L’idrogeno “verde”, come suggerisce il colore, è la variante più sostenibile dell’idrogeno, prodotta ad impatto ambientale zero mediante l’elettrolisi dell’acqua alimentata da energie provenienti da fonti rinnovabili. Si tratta di una tecnica complessa, che richiede grande apporto di energia per scindere l’acqua in ossigeno e idrogeno. Si distingue dall’idrogeno “marrone” o “grigio” – che viene ricavato dal carbone o dal gas naturale, ha costi di estrazione più bassi, ma una forte carica inquinante – e da quello “blu” che cattura e stocca il carbonio prodotto.
Francesco La Camera, direttore generale dell’Irena, sostiene che già diversi Paesi a livello mondiale stanno stabilendo nuove relazioni bilaterali intorno all’idrogeno, come Germania, Giappone, Australia, Oman, Arabia Saudita e Emirati Arabi Uniti. Il rapporto evidenzia inoltre che l’idrogeno verde sarà in grado di competere a livello globale con l’idrogeno da combustibili fossili e questo potrebbe accadere anche prima in Paesi come la Cina, il Brasile e l’India.

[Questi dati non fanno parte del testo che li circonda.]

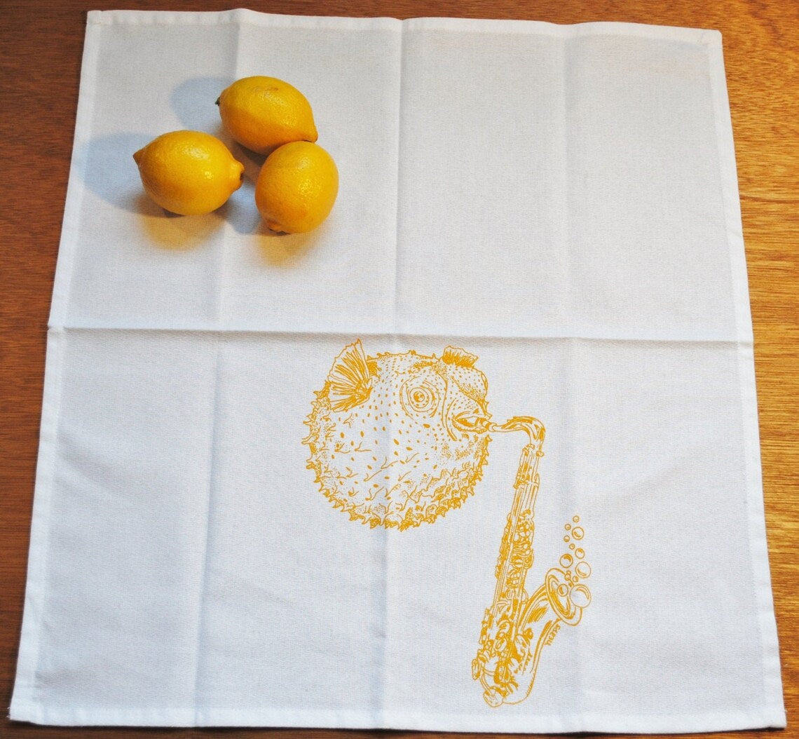Set of 4 assorted cloth napkins that are washable and reusable. These are printed in bright inks and feature images of a fish on a bicycle, snorkeling turtle, octopus ballet dancer, and blowfish playing saxophone.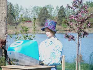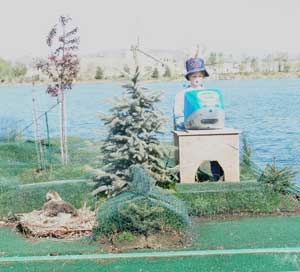 EfCom, the cool Apple computer dealer in Yakima, set Betty up with an old style appearing iMac stuffed with all the latest high tech linked to the center of the Galaxy and beyond. Might be a few inter-galactic games on there too, for when business gets boring. Well, with an island of her own, Betty is her own boss. Oh, there might also be a small bird nest in the computer, just in case a computer-savvy warbler shows up.

Anche l’Italia, nel suo Piano Nazionale di Ripresa e Resilienza, ha deciso di puntare su questa fonte di energia investendo 2 miliardi di euro nel suo sviluppo. L’obiettivo, in linea con quello europeo, è fare in modo che l’idrogeno risponda al 2% della domanda energetica entro il 2030, raggiunga il 13-14% entro il 2050 e il traguardo del 20% negli anni successivi.